The primary weakness of using a man-oriented three is it that it requires defenders to be alert to the opponents’s movement, which, naturally, means that the defenders are always one step behind. Managers such as Gasperini and Jurić prefer their defense to stop attacks at its source, rather than preventing dangerous spaces from opening upThe loss of one individual duel can have far more disastrous consequences in a man-oriented system than a defense-oriented system, as the defenders are constantly reacting to a series of evolving events.
In conclusion, man-oriented back threes can be characterised by systems which force defenders to react to unfolding events, an approach that welcomes organised chaos and bets on its defenders to stop attacks at its root. By using a man-oriented approach in defence, teams can compensate for the space left in between the lines by using a high press. On the other hand, opponents can manipulate these systems by making decoy runs and positional rotations to drag out defenders and create space in behind the defense.
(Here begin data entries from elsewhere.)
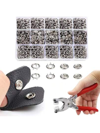 400/800 piezas de sujetadores a presión de metal, 100/200 Sets de herramientas de alicates para cinco garras de sujetadores con una caja, clips de sujetadores y herramienta de pinzas para ropa,, costura hecha a mano - Plateado - Añade 10
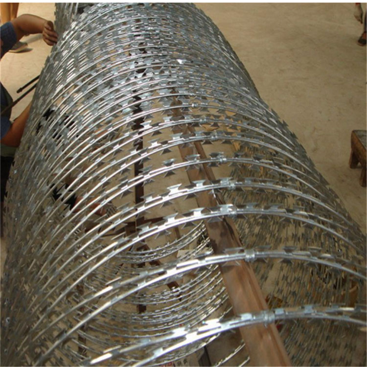 在結構方面,螺旋式刀刺網采用高強度鋼絲卷曲成螺旋狀,形成連續且密集的刀刺圈層。這種設計使其具備良好的伸縮性與柔韌性,能夠適應不同角度的安裝表面。當受到外力沖擊時,螺旋結構可通過形變吸收部分能量,同時保持整體防護的連續性。其鋒利的刀片呈規律性分布,能有效增加接觸面的復雜性,從而發揮阻攔與警示作用。
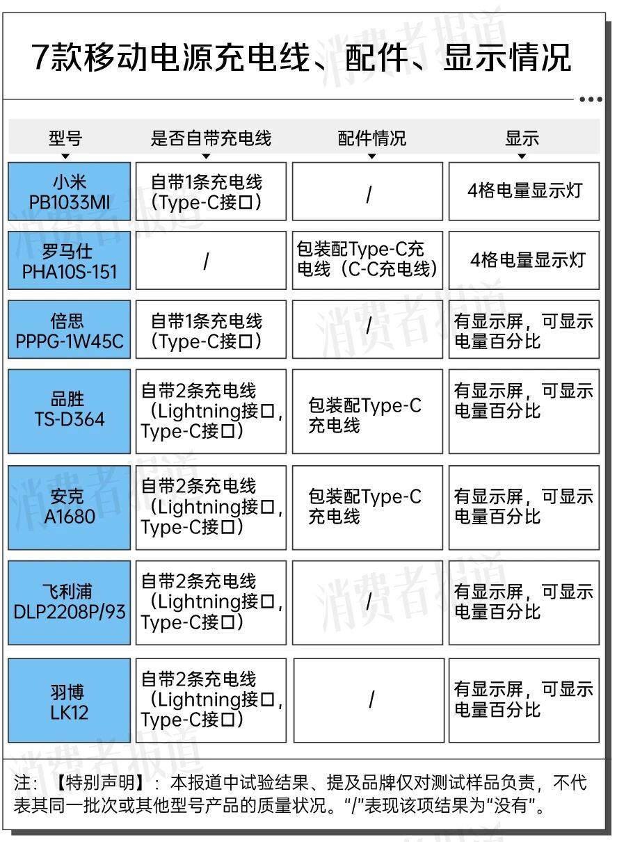 另外,《消费者报道》记者对7款移动电源的接口、充电线情况也进行了统计,见下表。
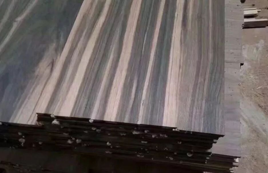 纹理炫理,颜色以灰黑为主。国内某航母级的红木企业,将其漂白染色成花梨木的颜色进行售卖。

Man-oriented defenses can be extremely useful at sustaining pressure and forcing the opponent into uncomfortable areas by limiting time and space in possession, while the positional flexibility provided to the defenders allows for reactive covering. This system fits like a glove for high-pressing outfits such as Gasperini’s Atalanta, but it can also lead to dire consequences against effective opposition, in particular against teams that boast fluid front threes, such as Borussia Dortmund and Manchester City.